[Start of section]

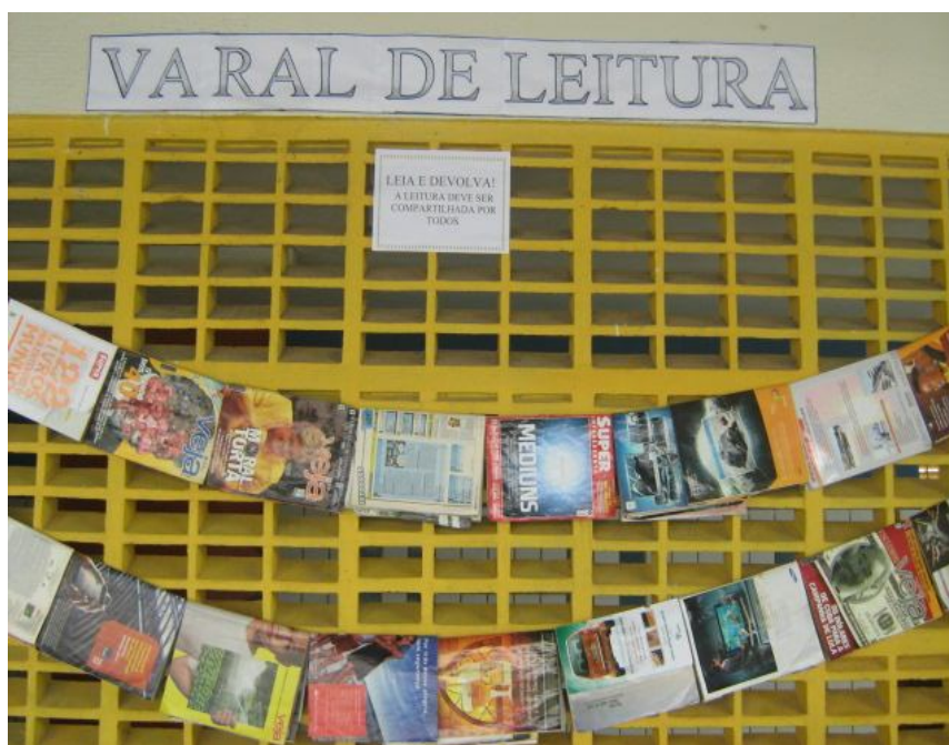
Fonte: Dados da pesquisa - varal de incentivo a leitura
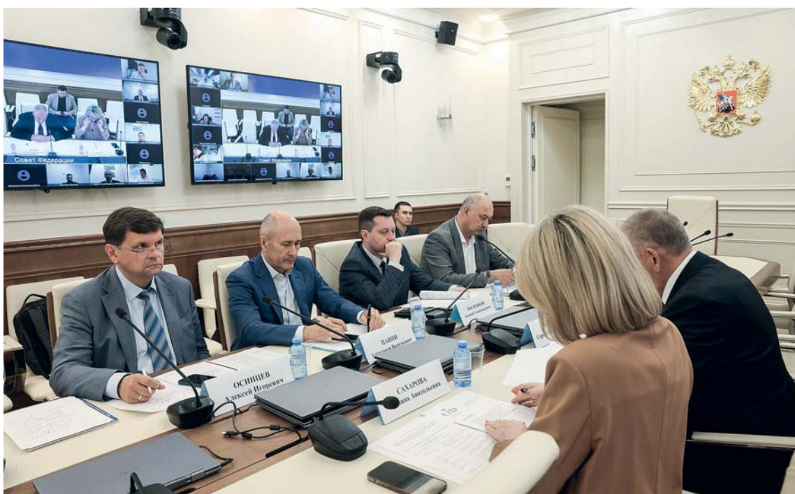
Межкомитетская рабочая группа Совета Федерации обсудила документы для запуска второго этапа инвестиционных квот и крабовых аукционов

Власти Камчатки выразили опасения, что предприятия окажутся загнаны в жесткие рамки, не соотносящиеся с меняющейся рыночной ситуацией. «Мы не против того, чтобы стимулировать глубокую переработку — мы против того, чтобы завязывать жестко эти условия, которые могут быть не согласованы с требованиями рынка», — объяснил министр рыбного хозяйства реги-
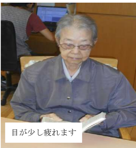
目が少し疲れます
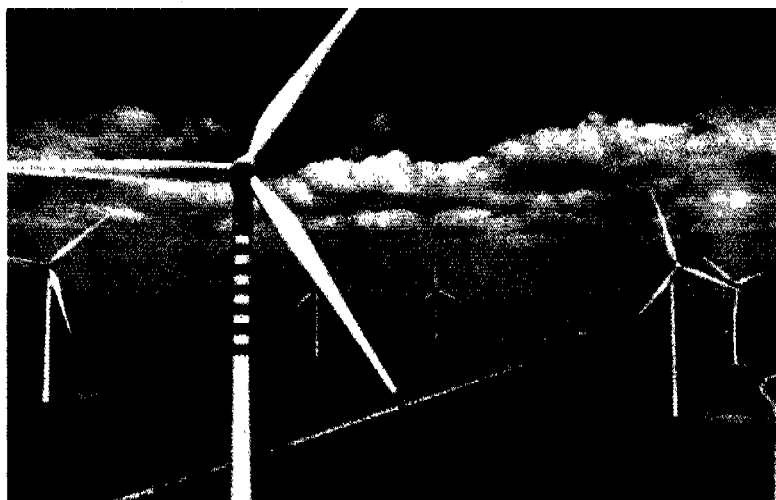
ERG Renew opera nel settore dell'energia prodotta da fonti rinnovabili

È il gruppo storico che ha legato il proprio marchio allo sviluppo industriale del nostro Paese

[End of section]

*Work to complete*
Everything from the line containing "ERG Renew opera" to the last line of the material above must be copied exactly, and only that.

*Result*
ERG Renew opera nel settore dell'energia prodotta da fonti rinnovabili

È il gruppo storico che ha legato il proprio marchio allo sviluppo industriale del nostro Paese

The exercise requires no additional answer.